That was one of the questions on the lips of the 800 delegates at the RCGP annual conference in Bournemouth yesterday.
The health minister and surgeon, whose name has come to represent almost everything that so many GPs loathe about Labour's health policies, pulled the plug on his keynote speech hours before he was due to take to the stage.
Darzi's taped replacement two-minute video address was perhaps notable only for the health minister's erroneous referral to the RCGP's chairman Professor Steve Field as its president.
‘At least it was a slip of the tongue, rather than the scalpel,' quipped host and BBC TV medical correspondent Fergus Walsh.
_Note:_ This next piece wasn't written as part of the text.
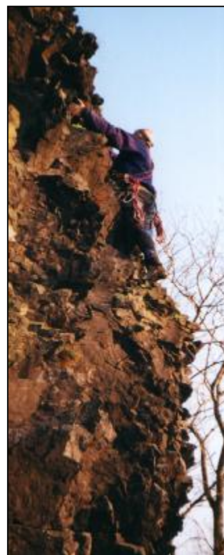
(Autor v cestě Lego na Wesselsteinu)

(Možná si vzpomínáte, že podrobnosti o těchto oblastech včetně nákrešů a cest jsme zveřejnili na stránkách CAO News v loňském roce.)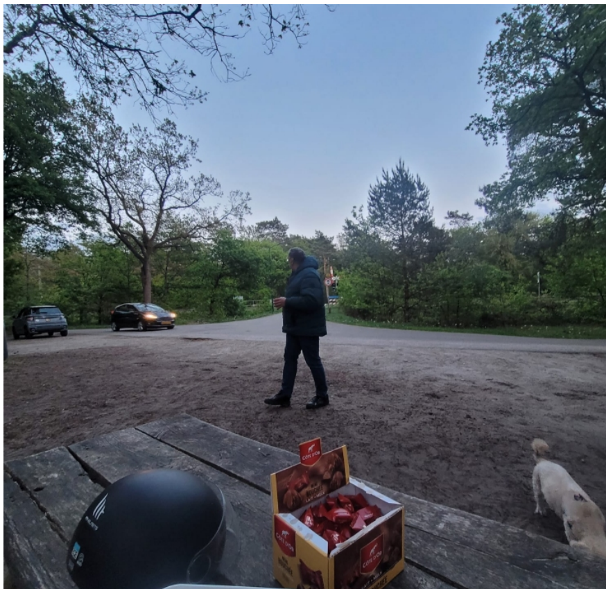
Links bovenin zien we team Spookrijker Jr. verschijnen. Rechtsonder het hondje van team ATV

Toen er later een heel klein en mooi vogeltje passeerde boven ons hoofd, ging de jongedame van de twee die geruime tijd met ons gesproken hadden en Rob's diensten hadden aanvaard, mij vertellen dat het waarschijnlijk een Boomklevertje was geweest. Ik heb wel iets met vogels en kan dat wel aanvaarden, maar zeker wisten we het natuurlijk niet.

Most memorable anecdote was probably Walsh's. He said former colleague turned unlikely Strictly Come Dancing hero John Sargeant had, apparently, told him that there were only three questions journalists ever needed to ask: ‘How bad is it? How bad can it get? And what can be done about it?'
‘John said he once made it through a whole Today programme just asking those three questions.'
Mr Walsh added that when he recently interviewed Darzi, he was given only two minutes and told Darzi's press advisor: ‘Don't worry I've only got three questions.'
But where was the Lord?
The DoH insisted it was ‘ministerial commitments' rather than the expected governmental reshuffle preoccupying him, without actually specifying what they were. Delegates were unimpressed. Professor Field called it a ‘missed opportunity', adding: ‘I'd like one day to get a minister here, although they might be Conservative.'
National primary care director Dr David Colin-Thomé had postponed a family holiday to fill Lord Darzi's shoes and frankly it looked like he'd been given short notice when he stumbled into the conference centre unshaven and scruffy at 8.30 yesterday morning.
He was in complete contrast to actual RCGP president Professor David Haslam, who was spotted limbering up for an early morning jog along the seafront in the conference hotel car park some 90 minutes earlier.
The surprise for me about day one of the conference was how unhappy young GPs are about the lack of partnerships. It's something that GP and Healthcare Republic has reported extensively on recently but it's another thing to hear it from the mouths of quite so many unhappy youngsters at the start of their careers.
Hit of the first day was probably Donald Berwick's (president and chief executive officer of the US-based Institute for Healthcare Improvement) who earned a standing ovation and touched many a chord with his speech about the values of the NHS.
Some GPs unwound last night at a GP Jammin Session during which they took to the Bournemouth International Centre stage to play instruments and sing. Day two of the conference programme is about to begin as I write.
But whatever happened to Lord Darzi? Do let us know if you know what detained him yesterday.